To call this kit detailed is an understatement. It’s superbly detailed. The cockpit looks as if you could just get in the thing and fly away. Assembly is simple, even with all the parts. Basically just follow the instructions and it will just come together. I did choose to leave the rear machine gun off, figuring it would be best to install at the very end.

The engine is also very detailed, yet very simple. I built the engine and set it aside so that I could mate it with the cowl assembly after those parts were painted.

The fuselage join is perfect, with only the need to remove the glue seam. At first I had a few issues getting it altogether properly, but I was following the maxim “If it’s Tamiya and doesn’t fit, it’s you and not the kit”, and sure enough, I didn’t have things aligned properly. One minor adjustment and it all clicked in place- literally.

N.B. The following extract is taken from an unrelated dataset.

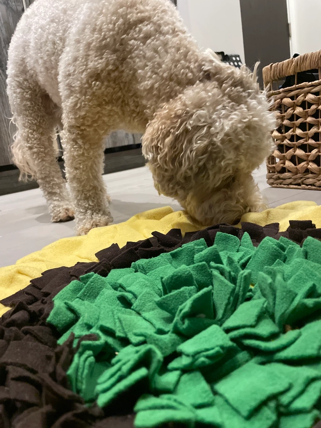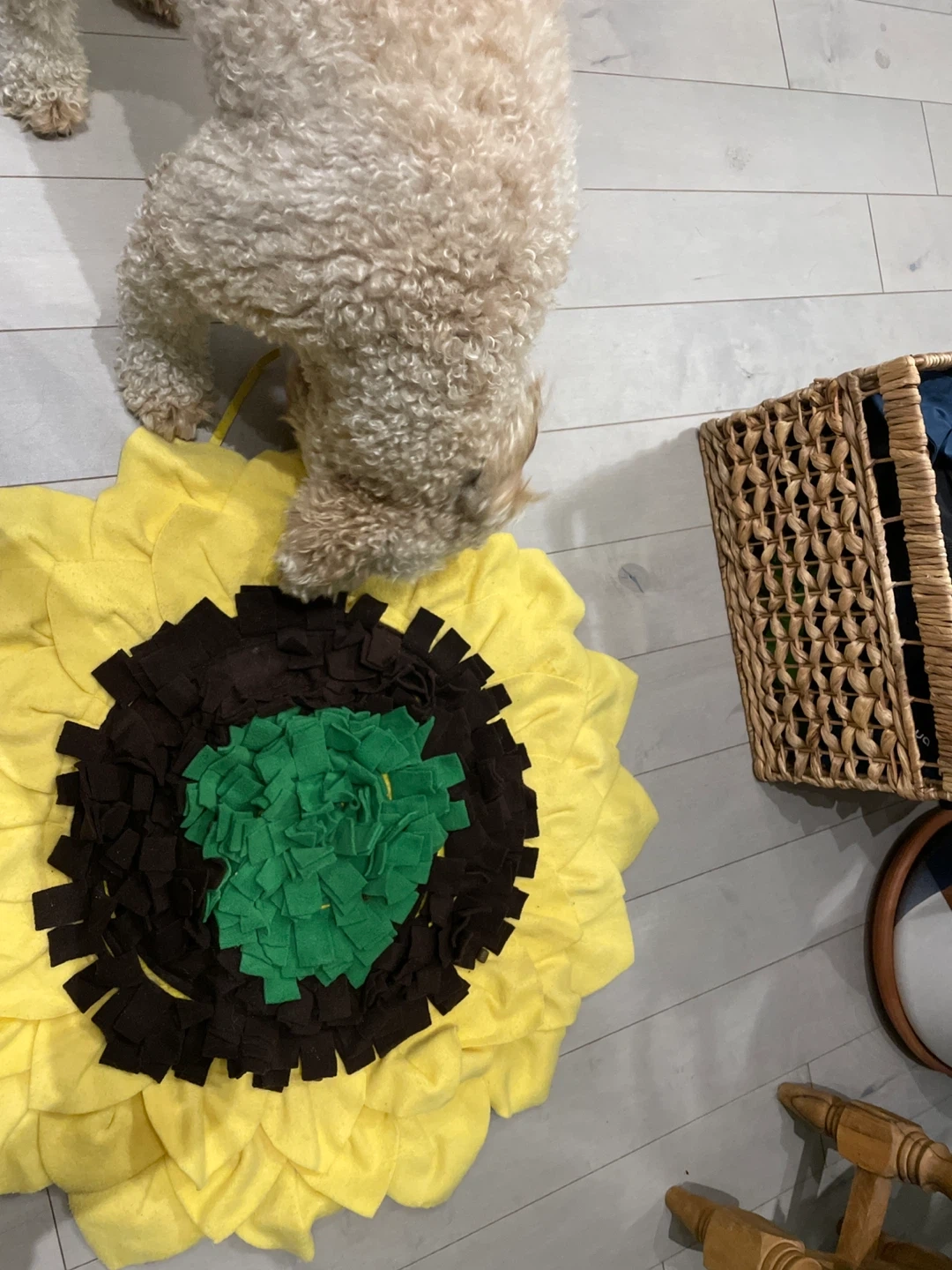 This sunflower snuffle mat is a great way to keep your furry friend entertained and mentally stimulated! It's perfect for hiding treats and encouraging natural foraging behaviours. The bright colours and fun design will make it a welcome addition to your pet's toy collection

With the fuselage finished, I began to contemplate how to get the wings and struts together, and how to get it all rigged. I hoped the rigging would be simple. The customer had asked that I use Tamiya’s own metal etched rigging set. Again, I was counting on Tamiya being Tamiya and the whole thing being drama free.

After reading a few build reports, some thorough review of the instructions, and quite a bit of test fitting, I realized the simplest way would be to build the main wing “boxes” separately, including paint and rigging, and then join it all together at the end.

The fuselage has small lower wing stubs, and a small central upper wing section. The upper and lower outer wings build up into a single unit. All struts are very easy to locate as Tamiya decided to actually make the kit buildable, rather than provide tiny pin holes for struts and say “good luck.”

I added the small wing stubs and struts to the fuselage, and built up the center wing section, setting it aside for later. Next came the left and right outer wing structures. I added the Tamiya rigging that formed and “X” within the inner and outer struts. Tamiya engineered it to be drop dead simple. So far so good.

With the various wing components built, I did some additional test fitting, and all looked good. I then proceeded to paint the model’s component parts.

Tamiya paints were used for the build, though I opted for their bottled paints rather than the suggested rattle cans. Once the paint was on, I added some oils for staining, a gloss coat, decals, and some final shading and fading. All sub-assembles were then given a coat of Vallejo Sating Varnish.

I added the final rigging between the struts to the wing sections, and added the center upper wing section to the fuselage, and its rigging also. Again- the Tamiya rigging worked. If you don’t slide it in place securely, it will bow out a bit, but overall, it was no more difficult than building any other portion of the kit.

With all painting, decaling, and rigging in place, I joined all the subsections together- and they just worked. No fuss, no worry. To be honest, I was surprised at how well it went together. Even after all the test fitting and caution in assembly, I kept thinking “something is not going to work in this…” But it all worked, perfectly.

With all the final bits added, I was quite happy with the result. It builds into a very big model for being a 1/48 scale single engined aircraft. With it’s size and rigging and torpedo slung underneath, I think it makes for quite the impressive display.

If you like biplanes, Swordfish, or Fleet Air Arm subjects, don’t miss out on this kit.